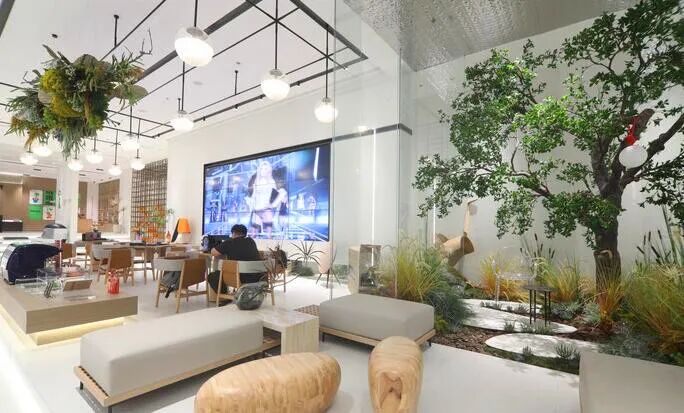 隐身在售楼处里的咖啡店,现代简约,纯白系空间十足,各种摆件摩登文艺、各种的高级感,最点睛一个区域,绿色植物组合的森系花园。你可以各种拍拍拍~
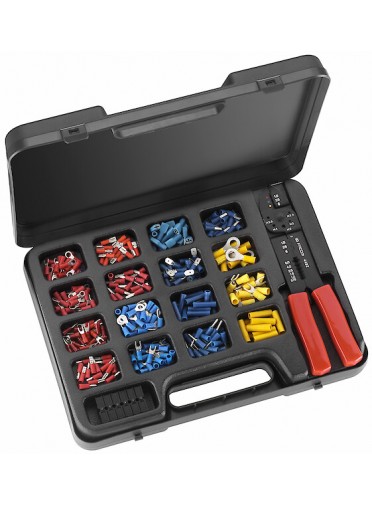 COMPOSITION COSSES MAINTENANCEComposition cosses maintenance livrée avec pince à sertir 449B - assortiment de 20 modèles de cosses (œillets, fourches, manchons, cosses mâles et femelles) - FACOM 449.Z3A MULTIPLE DE : 1
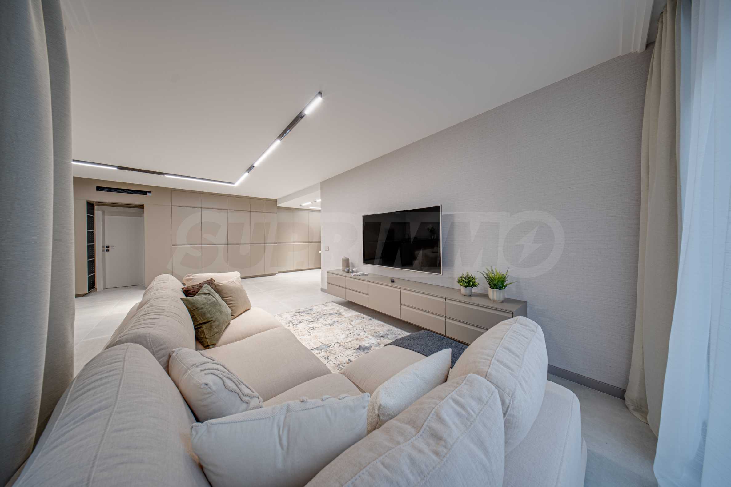 • Corner with sofas and a Sony 65” TV.
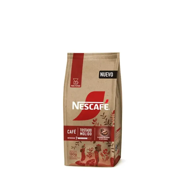 Cafe Tostado Molido Puro Nescafe 190 gr Para disfrutar de un café 100% puro en tu cafetera de filtro. Elaborado con granos de origen responsable, es la alternativa perfecta para los amantes del buen café todos los días. Libre de gluten y sin T.A.C.C., es ideal para cuidar tu salud.
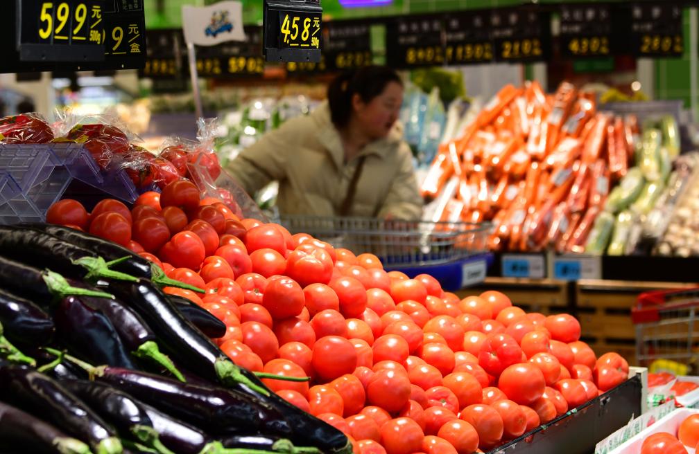 消費(fèi)者在江蘇省無錫市一家超市里選購蔬菜(3月9日攝)。新華社發(fā)(還月亮攝)

→ PROBLEM DETAILS:
For each line above, output its wording exactly and leave out any picture.

→ RESPONSE FOR THIS EXERCISE:
 隐身在售楼处里的咖啡店,现代简约,纯白系空间十足,各种摆件摩登文艺、各种的高级感,最点睛一个区域,绿色植物组合的森系花园。你可以各种拍拍拍~
 COMPOSITION COSSES MAINTENANCEComposition cosses maintenance livrée avec pince à sertir 449B - assortiment de 20 modèles de cosses (œillets, fourches, manchons, cosses mâles et femelles) - FACOM 449.Z3A MULTIPLE DE : 1
 • Corner with sofas and a Sony 65” TV.
 Cafe Tostado Molido Puro Nescafe 190 gr Para disfrutar de un café 100% puro en tu cafetera de filtro. Elaborado con granos de origen responsable, es la alternativa perfecta para los amantes del buen café todos los días. Libre de gluten y sin T.A.C.C., es ideal para cuidar tu salud.
 消費(fèi)者在江蘇省無錫市一家超市里選購蔬菜(3月9日攝)。新華社發(fā)(還月亮攝)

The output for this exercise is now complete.